Si Guillaume le Conquérant est bien présent dans l’Histoire de France, il n’en est pas de même pour un autre normand, Roger de Hauteville. Ce duc de Sicile, des Pouilles, de Calabre, de Naples et de Bénevent est, en application d’une bulle pontificale, couronné roi à Palerme en septembre 1130 sous le nom de Roger II. Pour le situer dans le temps, son grand-père Tancrède (990-1140) était un petit seigneur de Coutances et son petit-fils est Frédéric de Hohenstaufen empereur germanique et roi de Sicile (1194-1250).

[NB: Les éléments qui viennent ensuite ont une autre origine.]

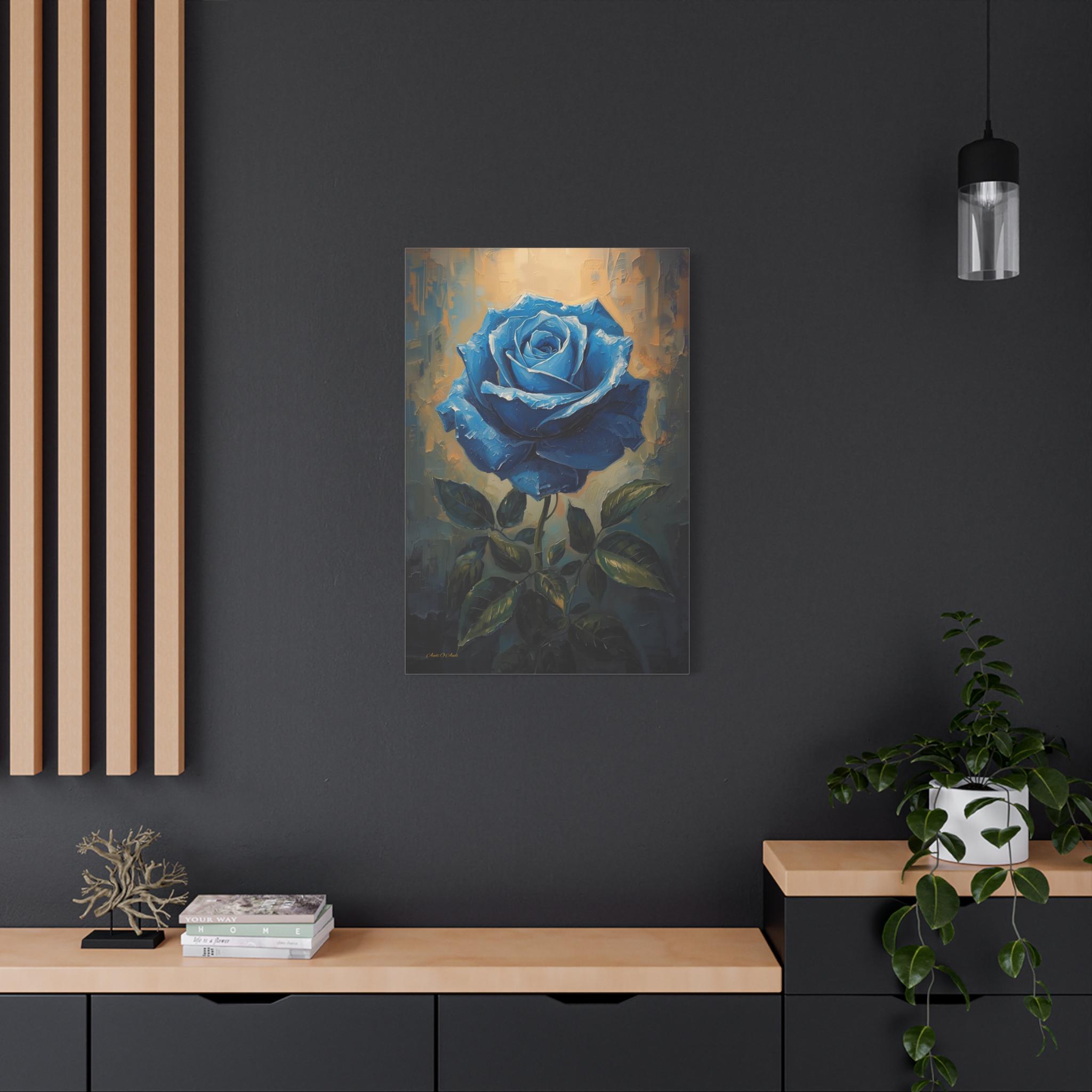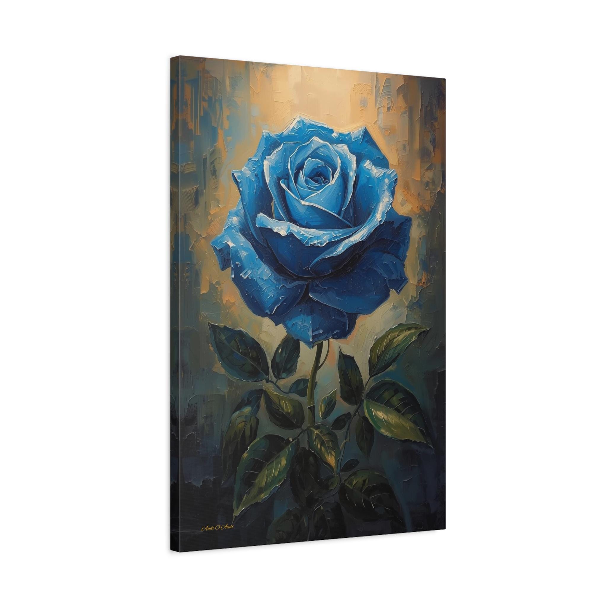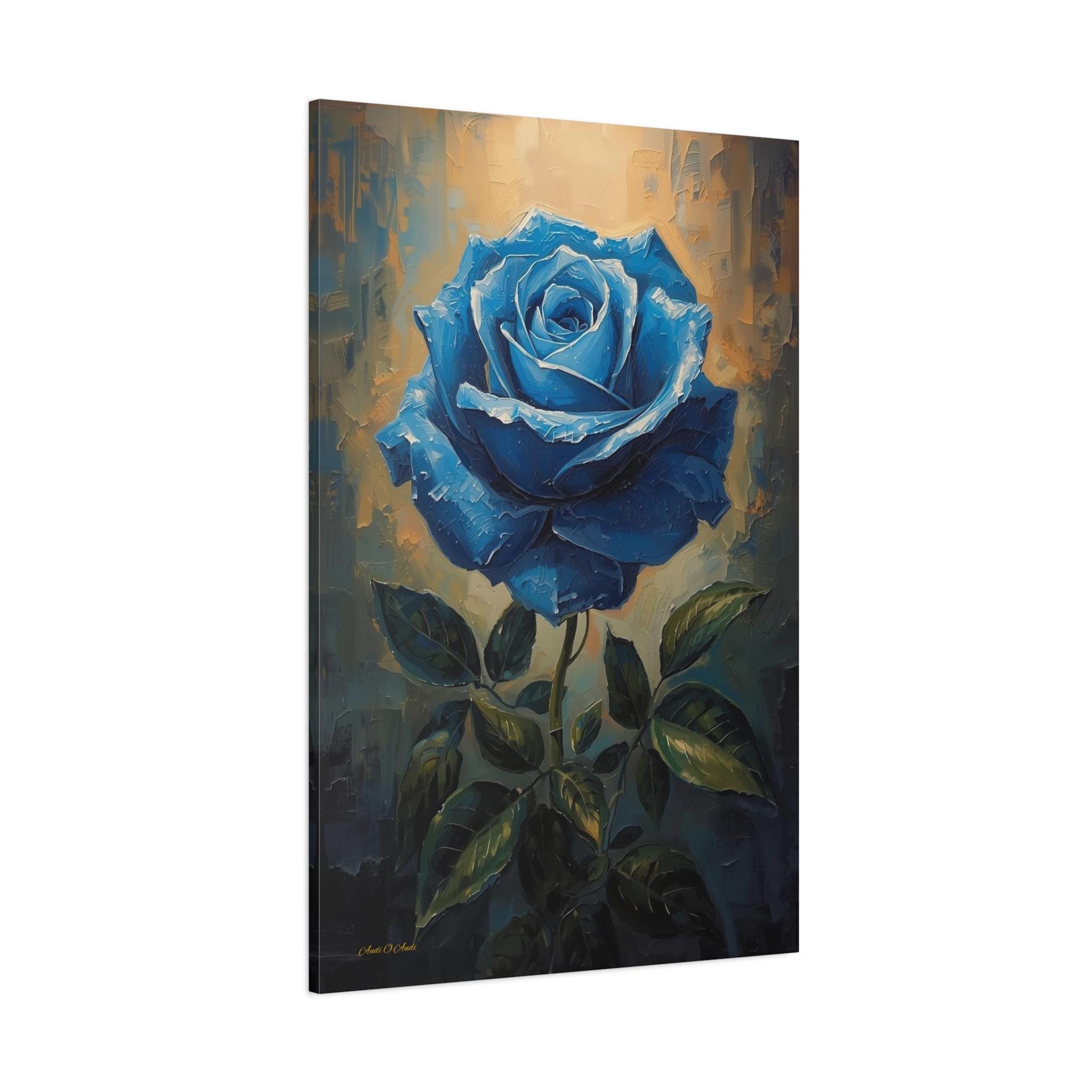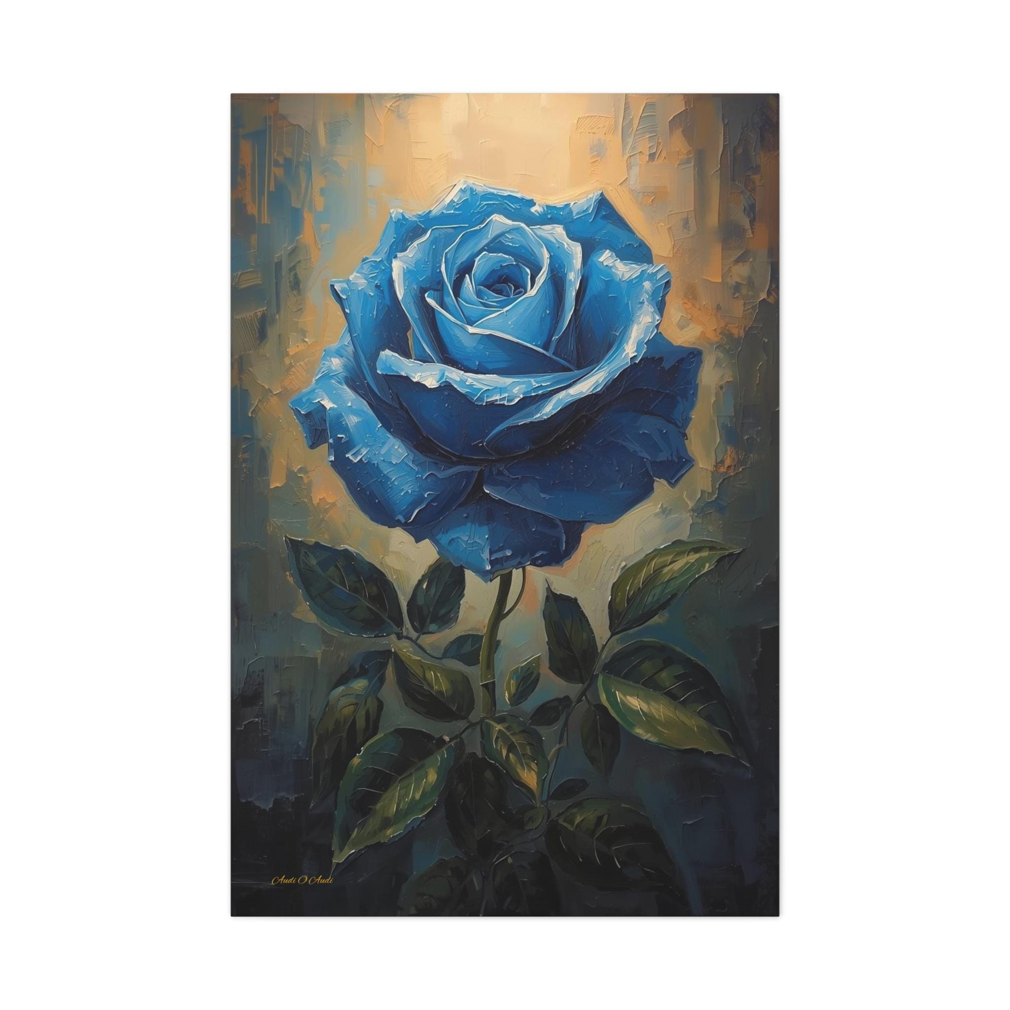Capture the allure of the impossible with this stunning canvas print of a blooming Blue Rose. A symbol of mystery and unique beauty, this artwork features a large, majestic rose in shades of deep sapphire, cerulean, and icy blue, set against a warm, abstract background of gold and ochre.

Son histoire est le fruit des belles aventures menées par de jeunes chevaliers normands cherchant fortune et gloire à leur retour de pèlerinage à Jérusalem dès 1009. L’Italie était en grande difficulté de gouvernance, à la fois terre byzantine et présence musulmane au sud de Rome, sous la pression des cités lombardes au nord et la papauté était souvent peu écoutée. Une émigration normande répond à une demande, soit de vaillants guerriers mercenaires au service de ducs qui se querellent ( Bari, Apulie en 1016). Ce sont deux fratries qui viennent alors vers Amalfi et de succès en succès se voient attribuer des villes, des titres de comtes et des terres. Les Hauteville seront cinq frères à venir, trois en 1035 , puis un, et un autre encore en 1057, tous venus s’engager. Ils vont guerroyer, se faire connaître et reconnaître, obtenir des titres et les terres conquises seront apaisées et rendues à la religion de Rome avec l’éviction de Byzance l’orthodoxe et de l’islam en Sicile.
Par le jeu des successions, Roger, né à Melito en 1095 est reconnu souverain de toutes les terres normandes qu’il va unifier depuis la Sicile. Si l’on peut parler d’un état fruit de conquêtes, il faut admirer comment ce nouveau modèle politique, où tous les éléments féodaux et les cultures différentes sont préservés, est une exception qui a suscité une grande admiration et reçu le nom de ‘état œuvre d’art’. A la politique de prestige sur le plan international, de consensus avec la Papauté en difficulté de schisme, Roger a su être un souverain éclairé dont la cour savait faire une place aux sciences, à la poésie et à l’art sous toutes ses formes.
Tout voyage en Sicile ne peut que refléter ce moment d’histoire construit par des aventuriers normands.